While a construction permit for one of the houses was given prior to the signing of the 1995 Oslo II Accords, work on the structure began only afterward, according to a report Monday by the Walla news site. The other four homes, however, were all approved and developed after the bilateral agreement signed by Israel and the Palestine Liberation Organization that divided the West Bank into three administrative categories.
Under the Oslo Accords, Area C of the West Bank — 60 percent of the territory, where most of the Jewish settlements are located and some 150,000 Palestinians live — is under full Israeli administrative and military control, while in Area B (22%), administrative control is the responsibility of the PA and the IDF is in charge of security. Area A — 18%, encompassing the major Palestinian cities — is under the full administrative and security control of the Palestinian Authority.
Three of the houses were found to have been built completely in Area B, while the two other homes were revealed to have been constructed partially in area B and partially in area C.
While all five homes stand inside of the security fence surrounding the settlement that was constructed during the early 2000s, the administrative responsibility for the property still technically lies with the Palestinian Authority, which was not given an opportunity to authorize the building, the report said.
The Samaria Regional Council, which handed down the permits to the Shaarei Tikva residents, released a statement Monday insisting that the fault for the “historic error” lay with the cartographers who produced the maps used in the Oslo agreements as well as the Civil Administration — the Defense Ministry body responsible for approving construction in the West Bank — which did not notify them of the change.
The council’s chairman, Yossi Dagan, called on Prime Minister Benjamin Netanyahu to “personally intervene in order to correct this absurdity.”
In a statement responding to the report, the Civil Administration pinned the blame back on Dagan’s Samaria Regional Council. The Defense Ministry body recognized that the buildings in question were within the framework of a master plan approved by the Samaria council in the 1980s, and said “it was [the council’s] responsibility to examine whether changes were made to the area” as a result of the agreement.

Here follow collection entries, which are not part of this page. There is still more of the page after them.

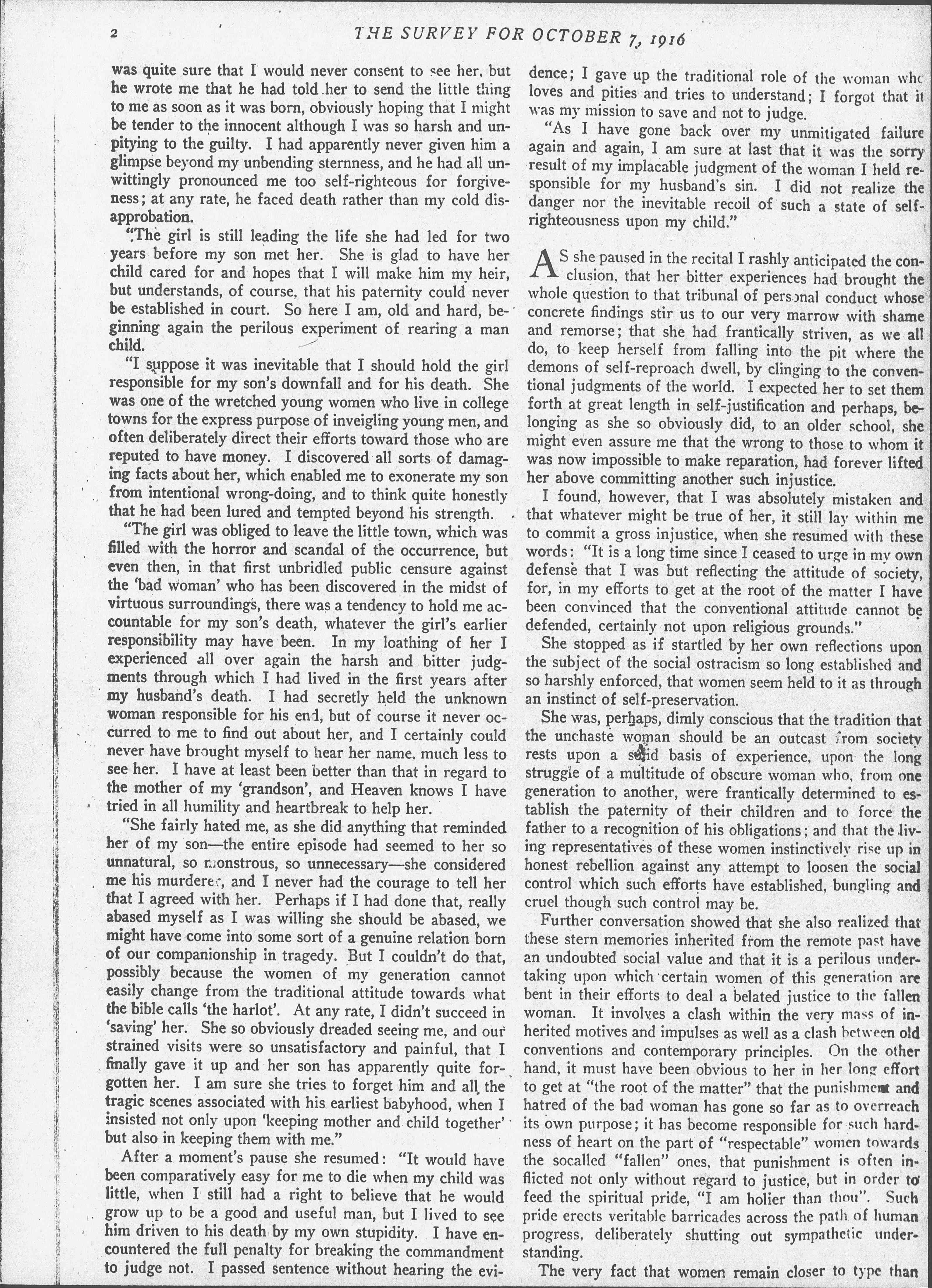 "She fairly hated me, as she did anything that reminded her of my son -- the entire episode had seemed to her so unnatural, so monstrous, so unnecessary -- she considered me his murderer, and I never had the courage to tell her that I agreed with her. Perhaps if I had done that, really abased myself as I was willing she should be abased, we might have come into some sort of genuine relation born of our companionship in tragedy. But I couldn't do that, possibly because the women of my generation cannot easily change from the traditional attitude towards what the bible calls 'the harlot'. At any rate, I didn't succeed in 'saving' her. She so obviously dreaded seeing me, and our strained visits were so unsatisfactory and painful, that I finally gave it up and her son has apparently quite forgotten her. I am sure she tries to forget him and all the tragic scenes associated with his earliest babyhood, when I insisted not only on 'keeping mother and child together' but also in keeping them with me."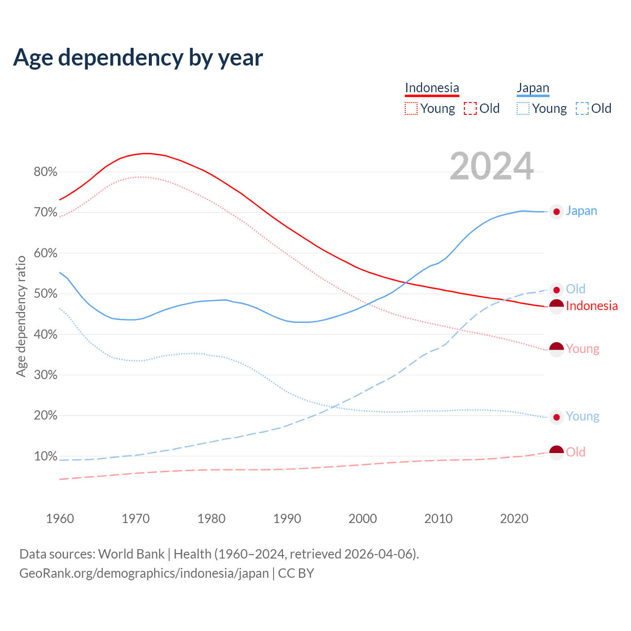 - Indonesia is ranked 93/196 by median age (oldest to youngest) vs 2/196 for Japan.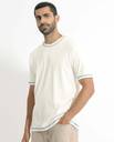 Men Solid Round Neck Cotton Blend White, Blue T-Shirt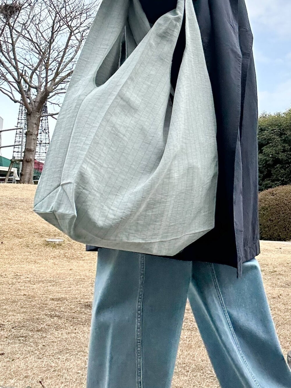 ショッパーバッグは肩からかけれるので普段のお買い物にも使いやすいサイズ感です。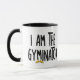 I am the gyminator in rough text with the letter M in the word gyminator wearing sneakers is a humourous play on the word terminator and a fun gift or physical education teachers, trainers and exercise gurus.e.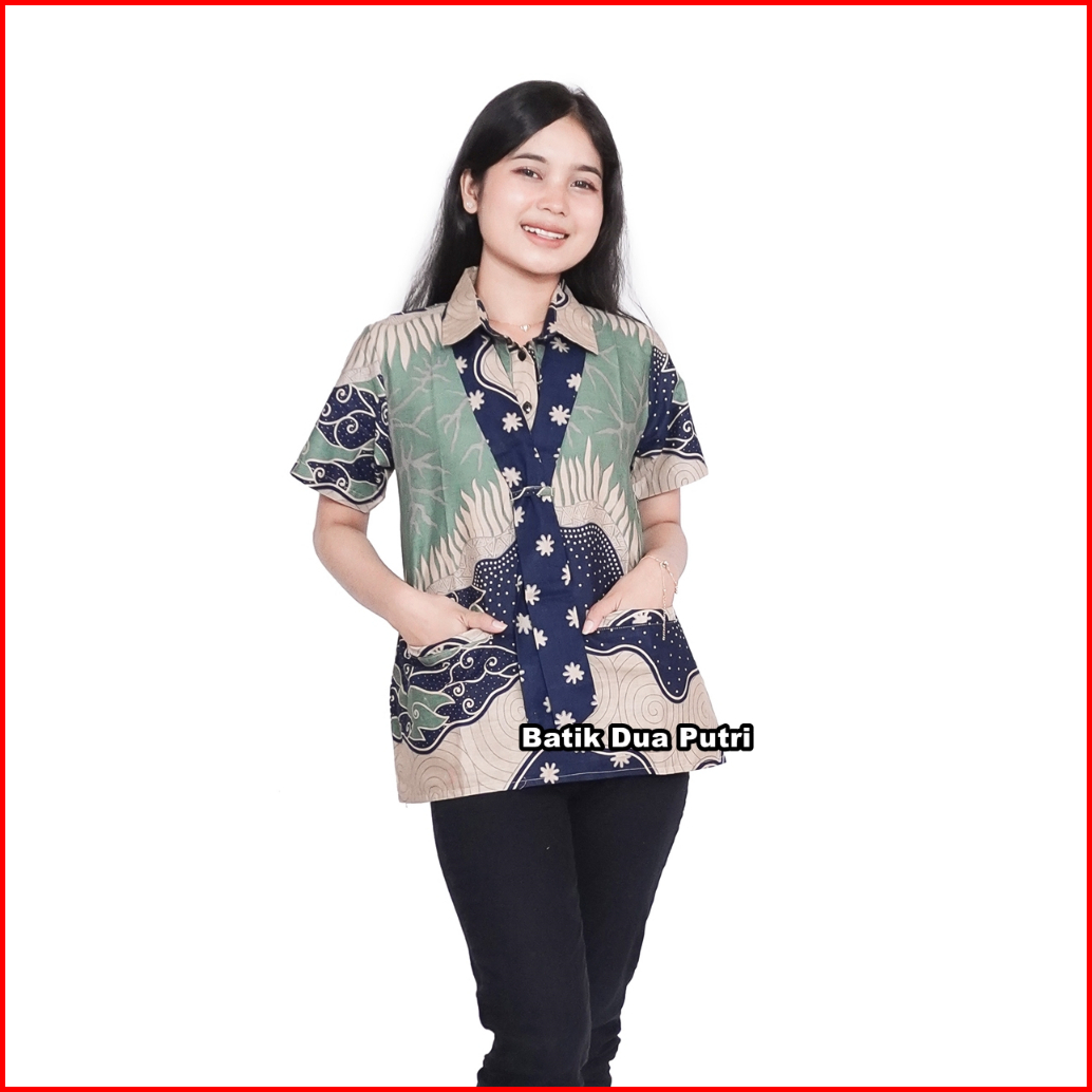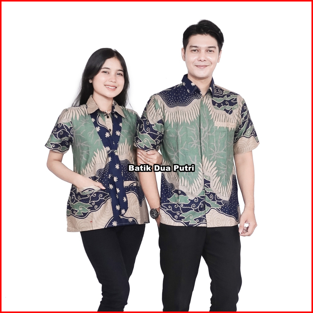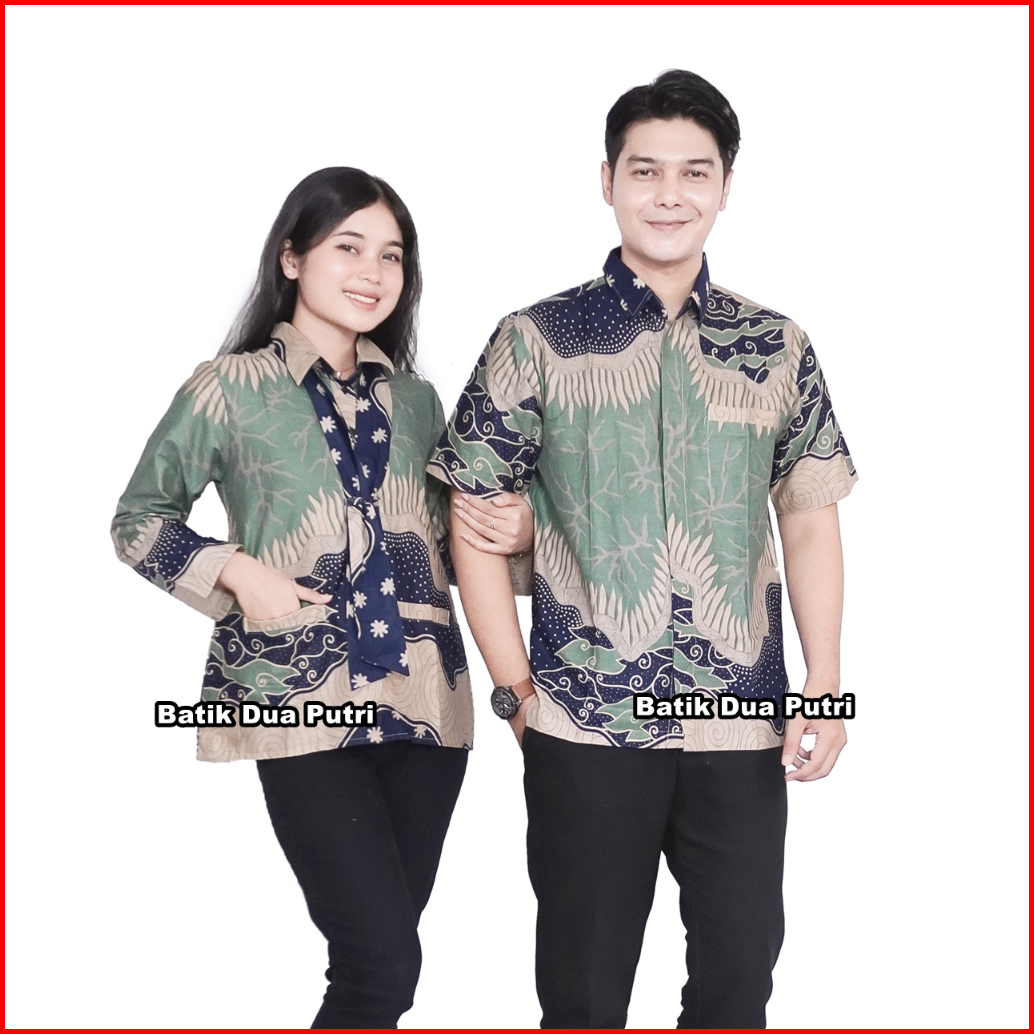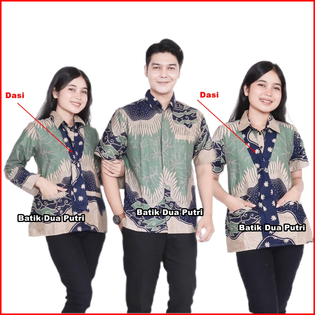 Kemeja Batik Wanita Bersaku Kantong Couple Pria Kantor Seragam Dasi Hijau Batik Dua Putri
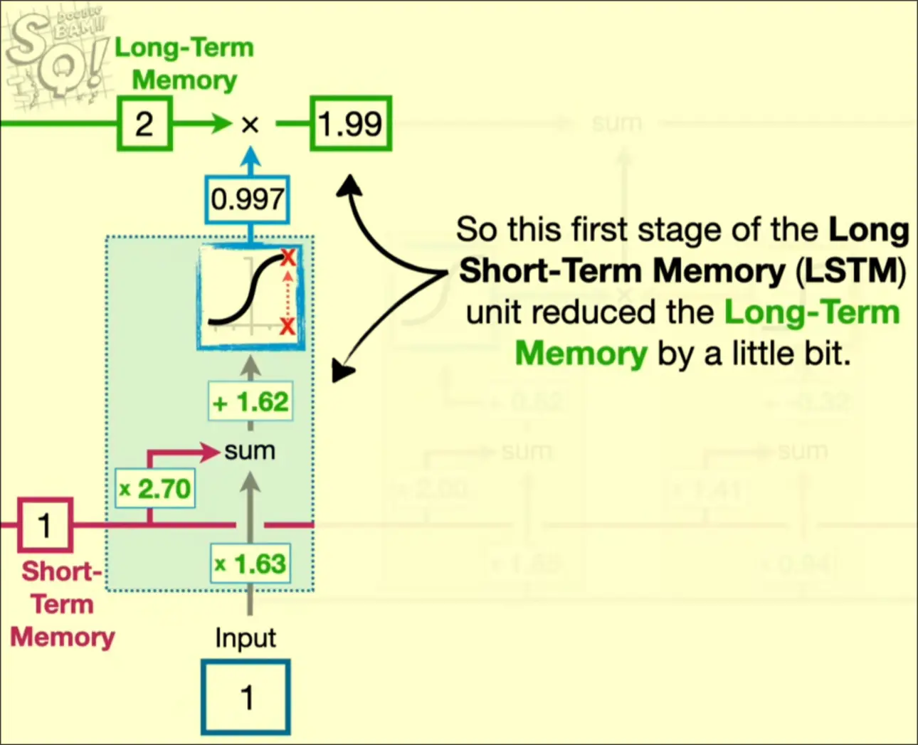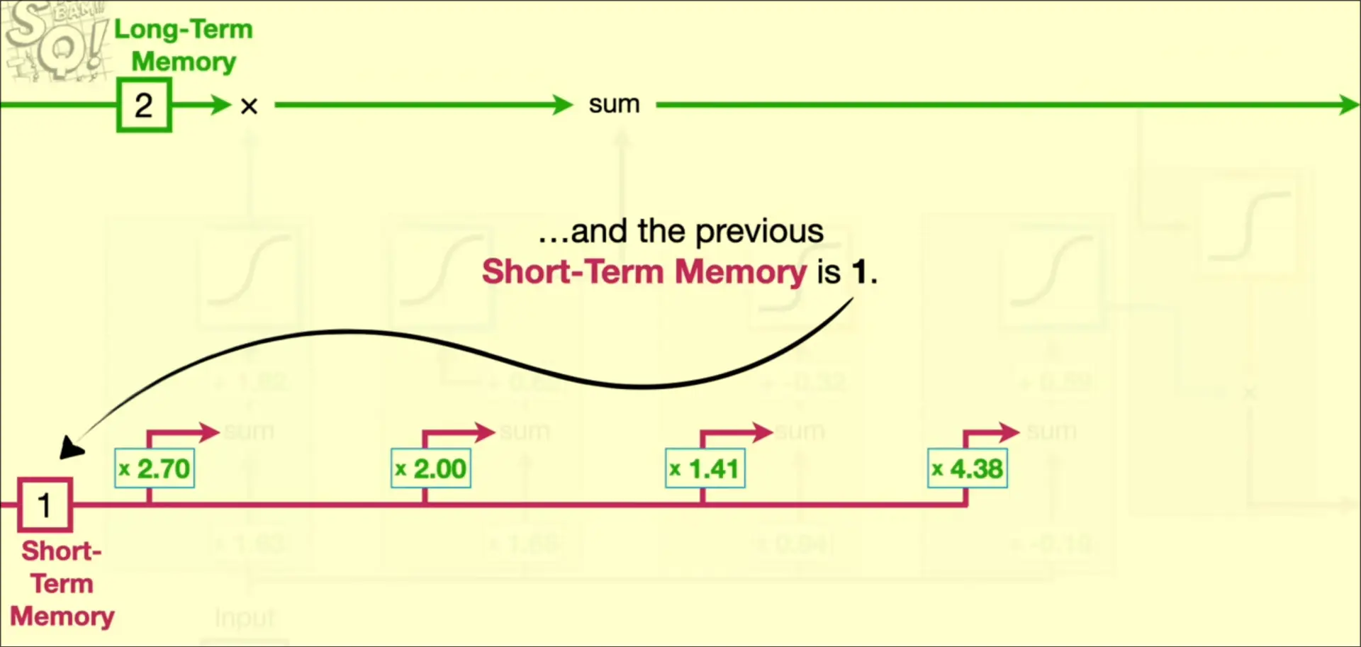 3. Short term memory is multipled by another weight then added to the input’s weighted value

While settlement regional councils are given access to Civil Administration that would have allowed them to recognize that the plots approved for construction stood in Area B, Dagan said that the Defense Ministry body simply did not update the maps or the relevant master plan.
The Kerem Navot settlement watchdog harshly criticized the findings in a statement Monday, saying that “construction within Area B is contrary to the official agreements signed by the government and is a radical move that can entangle Israel in the diplomatic arena.”
The organization went on to refer to the illegal construction as part of a “criminal culture that has developed over the years in the settlements, and in Shaarei Tikva in particular.”